Allows the secretary of HHS to determine the appropriate percentage that will come from each of the fees and each fee amount annually.
In addition, the reauthorization eliminates supplement and establishment fees.
Title V – Pediatric Drugs and Devices
Significant elements of the Research to Accelerate Cures and Equity for Children Act, which has been introduced in both Houses of Congress, are included in this title. It gives the FDA the authority to require adult cancer drugs that share a common molecular target with a pediatric cancer to be studied in children to get information about dosing, safety, and efficacy.
The FDA is required to publish and maintain a list of molecular targets and cancers for which the requirement would be waived.

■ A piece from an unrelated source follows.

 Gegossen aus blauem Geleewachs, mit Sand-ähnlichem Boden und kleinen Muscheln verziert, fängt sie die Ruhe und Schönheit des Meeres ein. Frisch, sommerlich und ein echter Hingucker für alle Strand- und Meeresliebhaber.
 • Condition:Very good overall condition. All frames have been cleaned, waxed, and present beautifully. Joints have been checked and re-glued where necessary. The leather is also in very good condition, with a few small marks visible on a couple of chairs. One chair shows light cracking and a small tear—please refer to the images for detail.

Title VI – Reauthorizations and Improvements Related to Drugs
This title includes an expansion of the definition of patient experience data to include both physical and psychosocial impacts of a disease or participation in clinical trials for a therapy to treat such disease.

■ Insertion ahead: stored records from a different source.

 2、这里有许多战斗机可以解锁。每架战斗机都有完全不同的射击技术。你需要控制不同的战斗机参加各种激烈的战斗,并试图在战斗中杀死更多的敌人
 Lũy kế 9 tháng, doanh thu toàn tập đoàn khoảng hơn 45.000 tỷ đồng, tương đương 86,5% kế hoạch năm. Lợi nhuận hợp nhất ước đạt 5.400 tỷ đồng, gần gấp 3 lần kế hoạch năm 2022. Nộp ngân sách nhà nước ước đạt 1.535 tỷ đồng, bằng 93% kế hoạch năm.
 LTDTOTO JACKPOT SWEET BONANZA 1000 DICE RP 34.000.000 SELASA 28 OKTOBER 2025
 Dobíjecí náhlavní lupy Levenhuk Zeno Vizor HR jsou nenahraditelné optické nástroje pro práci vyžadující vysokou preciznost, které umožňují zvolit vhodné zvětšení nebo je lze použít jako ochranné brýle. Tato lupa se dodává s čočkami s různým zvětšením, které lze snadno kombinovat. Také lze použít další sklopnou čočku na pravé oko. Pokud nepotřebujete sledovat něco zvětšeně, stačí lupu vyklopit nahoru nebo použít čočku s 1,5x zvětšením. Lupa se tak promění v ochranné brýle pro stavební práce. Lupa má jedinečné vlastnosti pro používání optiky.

In order for a drug manufacturer to obtain orphan drug exclusivity for an orphan drug that has the same active ingredient as a drug already on the market it must demonstrate clinical superiority.
It includes a sense of Congress that the secretary of HHS should work with Congress on legislation that will lower the cost of prescription drugs in a way that balances the need to encourage innovation and increase competition.
Title VII – Device Inspection and Regulatory Improvements
This title contains reforms that are designed to streamline and improve the inspection processes for devices.
Title VIII – Improving Generic Drug Access
This title creates a priority review process for generic drugs. It requires the secretary to prioritize the review of, and act within eight months of the date of the submission of, an original abbreviated new drug application submitted for review for a drug that does not have more than three approved products and for which there is no blocking patents or exclusivities.
It also requires the FDA to maintain a list of drugs with limited competition.
It creates a 180 day exclusivity period to encourage companies to enter the market if only one generic drugs exists and has no existing patents or exclusivities.
Title IX – Additional Provisions
This title includes various provisions intended to increase FDA transparency and accountability in meeting the goals of the user fee agreements.
The administration issued a Statement of Administration Policy in support of H.R. 2430 on July 12.
The Congressional Budget Office estimates that H.R. 2430 would decrease the deficit by $72 million from 2018-2027.